_Task goal:_
Set down exactly, from the records below, the line with "septiembre, lunes, cambia" through the line with "The app’s main", and nothing else.

_Records:_
----------

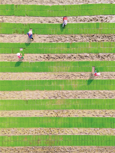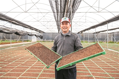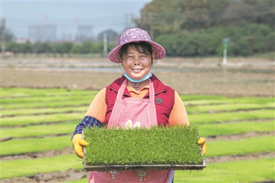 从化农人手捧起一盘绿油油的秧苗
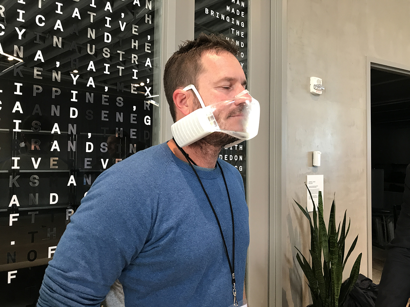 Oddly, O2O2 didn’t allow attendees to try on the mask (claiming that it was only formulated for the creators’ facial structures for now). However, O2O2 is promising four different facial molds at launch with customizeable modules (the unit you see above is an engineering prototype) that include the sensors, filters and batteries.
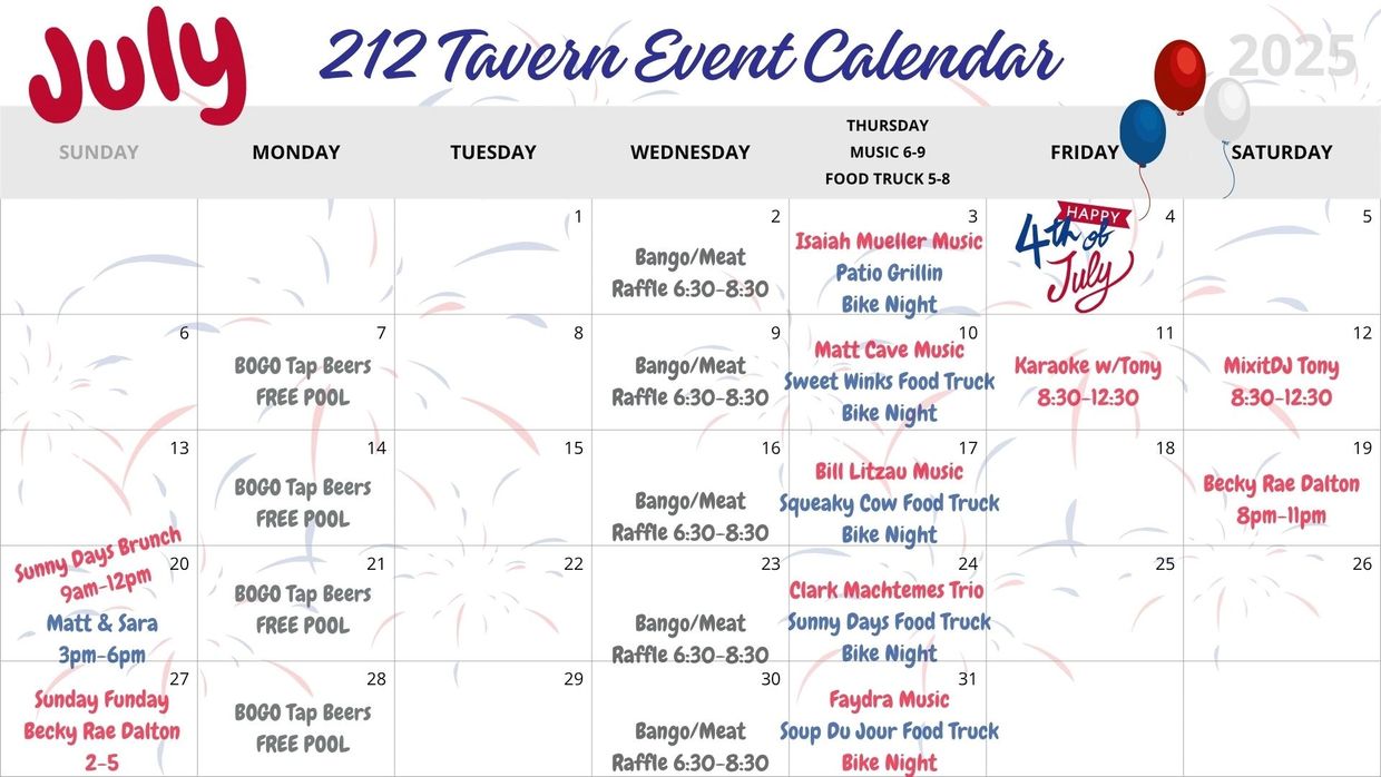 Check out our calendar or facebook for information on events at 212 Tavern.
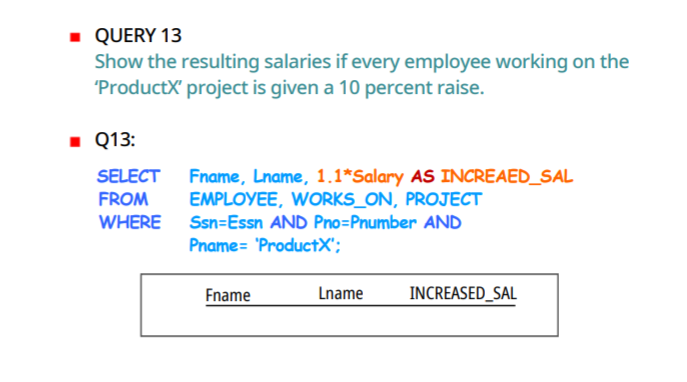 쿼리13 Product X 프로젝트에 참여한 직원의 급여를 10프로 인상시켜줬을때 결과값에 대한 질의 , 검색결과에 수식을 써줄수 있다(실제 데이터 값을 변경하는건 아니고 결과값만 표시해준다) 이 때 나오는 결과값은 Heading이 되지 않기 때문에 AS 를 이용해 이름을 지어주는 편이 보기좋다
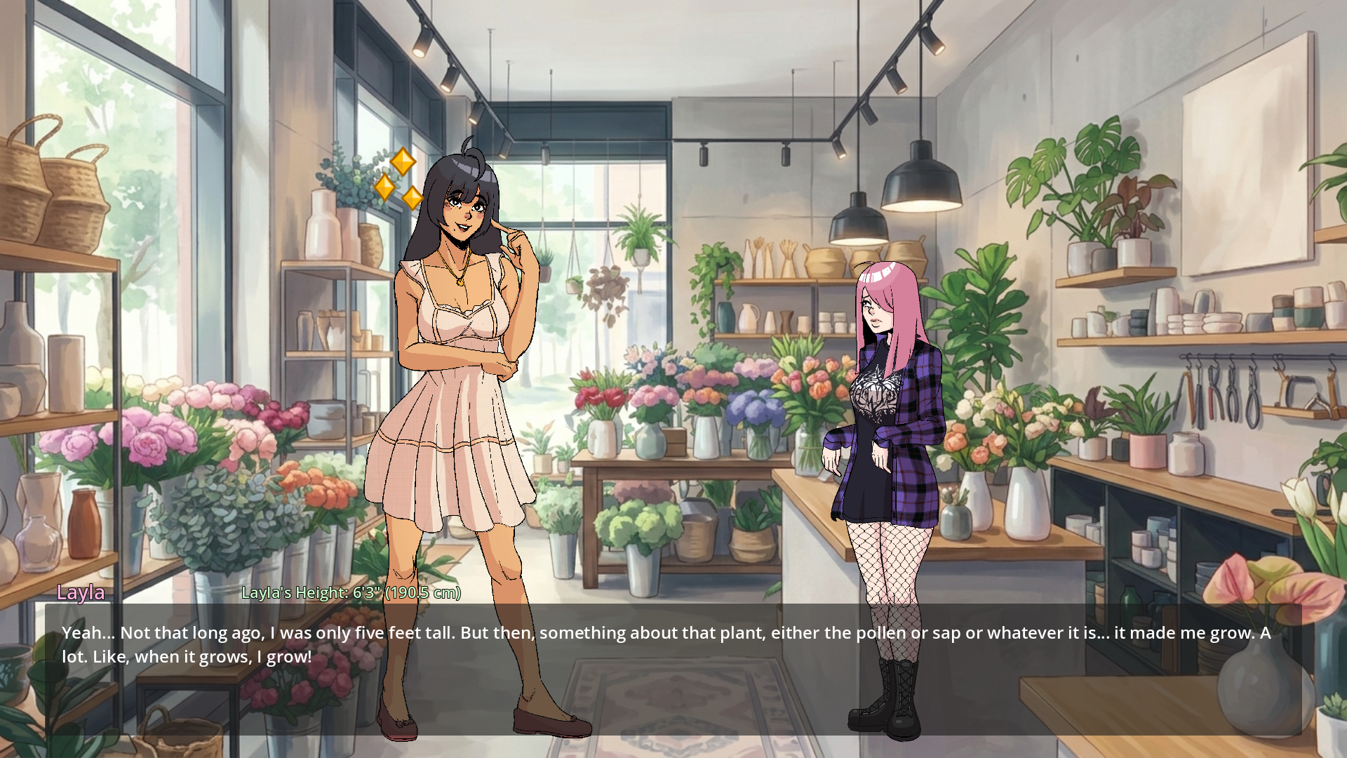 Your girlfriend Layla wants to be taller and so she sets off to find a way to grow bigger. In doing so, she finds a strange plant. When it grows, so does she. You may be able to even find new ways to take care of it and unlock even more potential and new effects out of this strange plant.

----------

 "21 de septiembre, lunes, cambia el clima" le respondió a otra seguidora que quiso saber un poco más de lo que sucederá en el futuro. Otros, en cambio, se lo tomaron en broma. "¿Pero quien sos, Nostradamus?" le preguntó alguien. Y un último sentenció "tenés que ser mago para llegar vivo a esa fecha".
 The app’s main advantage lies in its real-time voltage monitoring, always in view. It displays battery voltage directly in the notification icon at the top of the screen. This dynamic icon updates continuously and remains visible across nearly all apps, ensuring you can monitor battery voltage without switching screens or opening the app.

----------

_Solution:_
 "21 de septiembre, lunes, cambia el clima" le respondió a otra seguidora que quiso saber un poco más de lo que sucederá en el futuro. Otros, en cambio, se lo tomaron en broma. "¿Pero quien sos, Nostradamus?" le preguntó alguien. Y un último sentenció "tenés que ser mago para llegar vivo a esa fecha".
 The app’s main advantage lies in its real-time voltage monitoring, always in view. It displays battery voltage directly in the notification icon at the top of the screen. This dynamic icon updates continuously and remains visible across nearly all apps, ensuring you can monitor battery voltage without switching screens or opening the app.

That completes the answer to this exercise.